If you go to medschool, arm yourself up.

Do a few of the medical classes in undergrad to beef yourself up.

Seriously 17,000/45,000 sounds like WONDERFUL odds to me

Same here. Even several foreign medschools have an acceptance rate of less than 10%. 17/45= 37.7%

Doesn't sound bad to me at all.

I knew guys with a GPA over 3.7, had decent MCATs that applied to every single M.D. program in the country and got in nowhere.
 
There are a couple of key differences when discussing admission statistics of MD/DO programs vs. PsyD/PhD.

First, the applicant pool is very different. Psychology grad school requires GRE and a psych degree in most cases. Many more college students meet this requirement than do pre-med students, who must pass and be competitive in chemistry I, II with lab, physics I, II with lab, orgo I, II with lab, biology I, II with lab, and sometimes calculus, and must take the MCATs. So the default applicant pool is more rigorous than a BA or BS in psychology from that perspective. Many poorly qualified candidates never even make it to the application process due to failure of meeting these pre-med standards. Virtually no one fails out of psychology undergrad.

They might not want to report it, but professional school PhD and PsyD schools have acceptance rates of close to 60%. One can call this artifically inflating, but the same can be said for overseas med schools. The acceptance rates still stand.
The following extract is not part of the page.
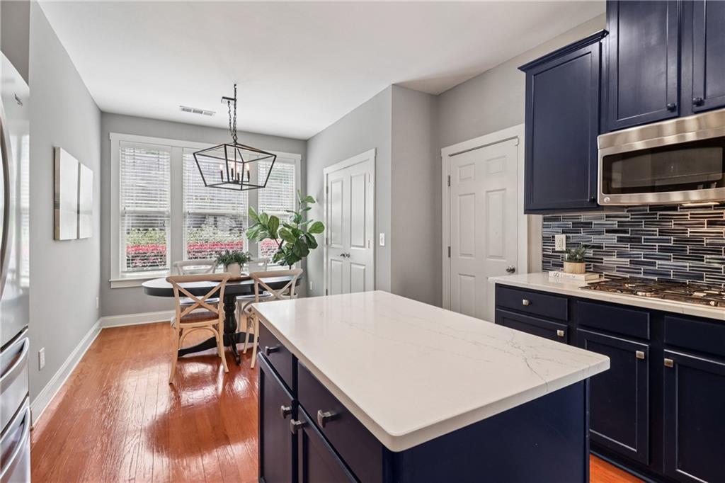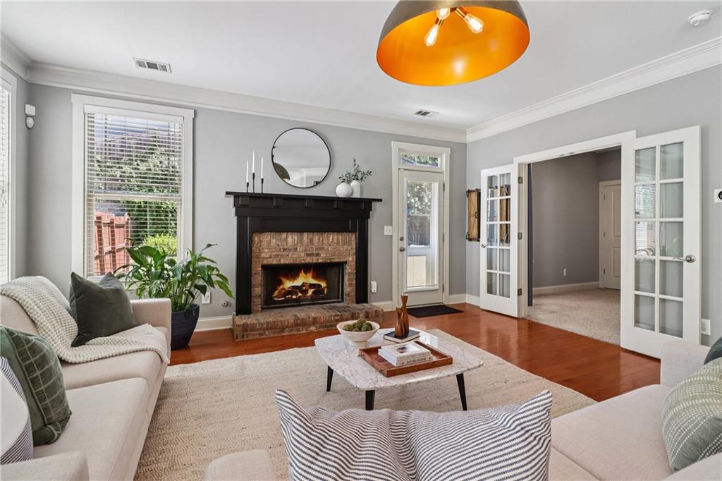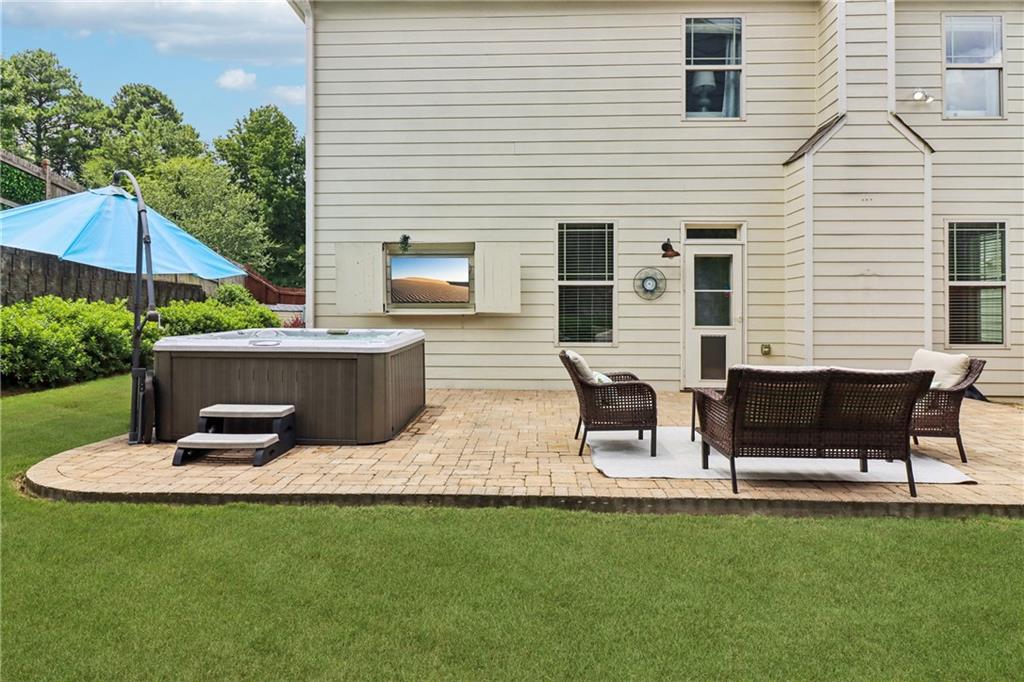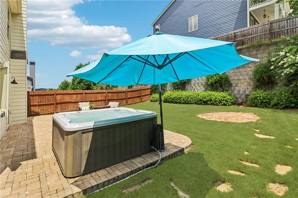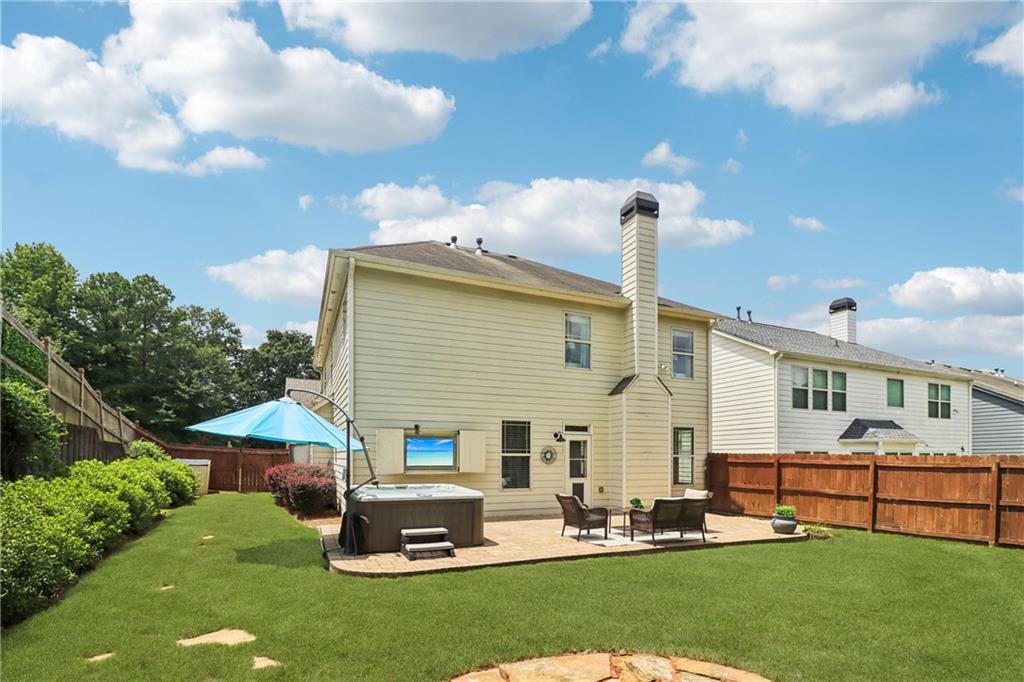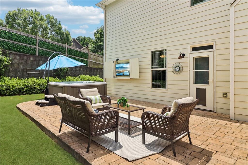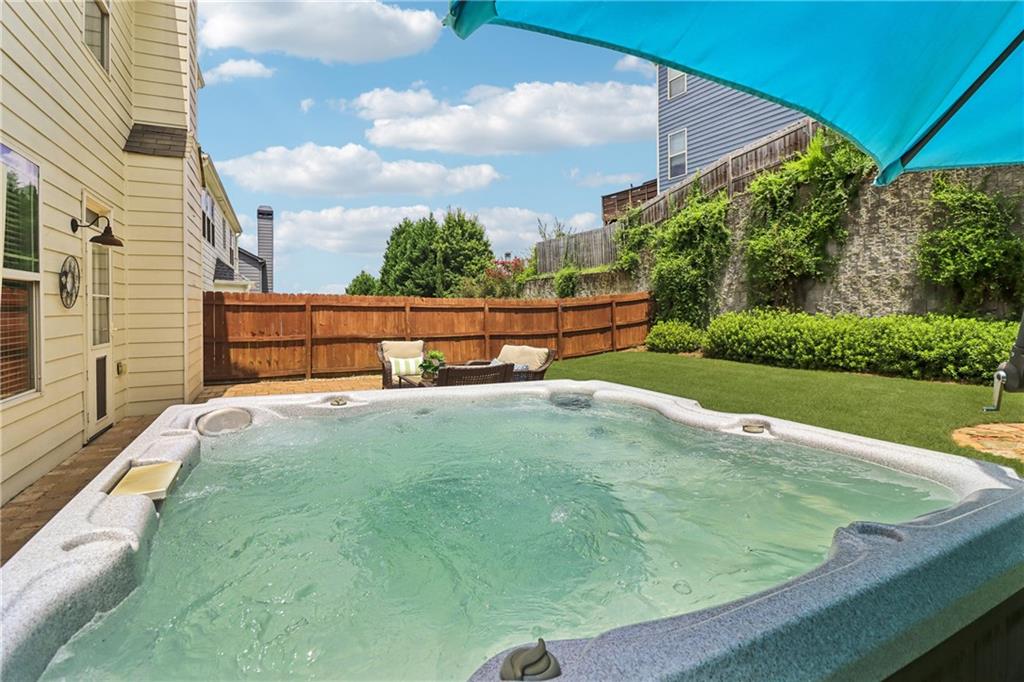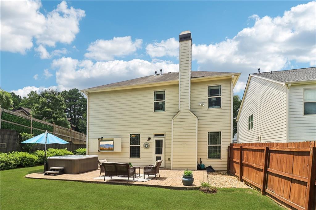 Welcome to this beautifully renovated home in the sought-after Vinings on the Chattahoochee swim-tennis neighborhood. Perfectly positioned on a sunny premium corner lot—one of the largest fenced lots in the community—this home offers exceptional sidewalk access to the neighborhood pool, tennis courts, playground, dog park, Whittier Mill Park, Chattahoochee nature trails, and Bellwood Coffee. You’re also minutes from The Works, Top Golf, Public House 28, and Scott’s Crossing Library. Inside, you’re greeted by a soaring two-story foyer, hardwood floors, and an inviting open-concept layout. The kitchen is a showstopper, featuring quartz countertops, a designer backsplash, rich dark navy shaker cabinets, stainless steel appliances, pantry, and sunlit eat-in breakfast area with an open pass-through view to the family room. The spacious family room boasts a gas, wood-burning fireplace and flows seamlessly to your private outdoor retreat. The stone patio is ideal for year-round entertaining, complete with an outdoor TV and hot tub—which stays with the home! A second stone patio sits within the large, flat, grassy, and landscaped fenced backyard, perfect for a fire pit with additional seating. A main-level bedroom with glass French doors offers flexibility as a guest room, office, or playroom, and is located next to a full guest bath with glass shower. Upstairs, the oversized primary suite includes a generous sitting area, an expansive custom California Closet, and a spa-like bath with dual quartz vanities, updated tile, walk in glass shower, and separate soaking tub. Two additional bedrooms share a fully renovated full bath with gorgeous tile and a glass shower, and a laundry room adds convenience to the upper level. Additional highlights include new HVAC systems, fresh paint, custom closet systems throughout, a detached storage shed, and a two-car garage with epoxy flooring—conveniently located just off the kitchen for easy grocery hauls. Don’t miss this one—truly a rare gem in one of the Westside’s most connected communities!

The acceptance rates for med school are usually expressed in overall applicant acceptance rate...not by individual program acceptance. Therefore, you may have a 33% chance to get in anywhere. Psychology programs usually express these in terms of individual program. So, a school may have a 10% accept rate, but they don't go on to say if that person gained acceptance at another institution. In that case, the acceptance rate is higher.

Here's from psichi.org:
Acceptance Rates
What are my chances of being accepted into graduate school? An anxiety-provoking consideration for applicants and a controversial topic for faculty members is acceptance rates for graduate programs in psychology. We computed acceptance rates by dividing the number of students accepted to a program by the number of applications. Acceptance rates thus refer to the percentage of applicants accepted for admission into a single graduate program, not the percentage of the entire applicant pool to all programs accepted for admission in a given year. The APA-accredited PhD program in clinical psychology at University X, for example, may accept only 15 of 150 applicants (10%), but many of the applicants not accepted to University X will be admitted elsewhere. Although only 10% of the applicants to a single PhD program in clinical psychology might be accepted into that particular program, about half of the entire applicant pool will probably be accepted into some clinical PhD program.
Table 1 presents the acceptance rates by subfields for doctoral programs, and Table 2 presents the acceptance rates for master's programs. The mean acceptance rates to doctoral psychology programs range from a low of 19% (personality psychology, social psychology) to a high of 50% (educational psychology). The overall mean is 27.4%; that is, more than a quarter of applicants to any doctoral program are typically admitted into that program.
The overall acceptance rate to clinical psychology doctoral programs is 21%. This number includes admission to both PhD and PsyD programs and to both APA-accredited and non-APA-accredited programs.
The 21% acceptance rate masks substantial differences across the various types of clinical doctoral programs. APA-accredited PhD programs accept, on average, only 10% of applicants whereas non-APA accredited PhD programs accept 20% of applicants. APA-accredited PsyD programs accept, on average, 40% of applicants, whereas non-APA-accredited PsyD programs accept 60%. The pattern is clear: clinical PhD programs are more selective than clinical PsyD programs as a rule, and APA-accredited programs are more selective than non-APA accredited programs. The average acceptance rates range from 10% to 60%. Thus, in clinical psychology, one has to be careful about generalizing about acceptance rates and specific in identifying the type of program (PhD, PsyD, APA-accredited, non-APA-accredited, and so on).
The mean acceptance rates to master's psychology programs range from a low of 32% (neuroscience) to a high of 73% (quantitative). The average acceptance rates for master's programs are 25% to 35% higher than for doctoral programs in the same subfield. The overall mean acceptance rate is 57.4%; that is, more than half of applicants to any master's program are typically admitted into that program.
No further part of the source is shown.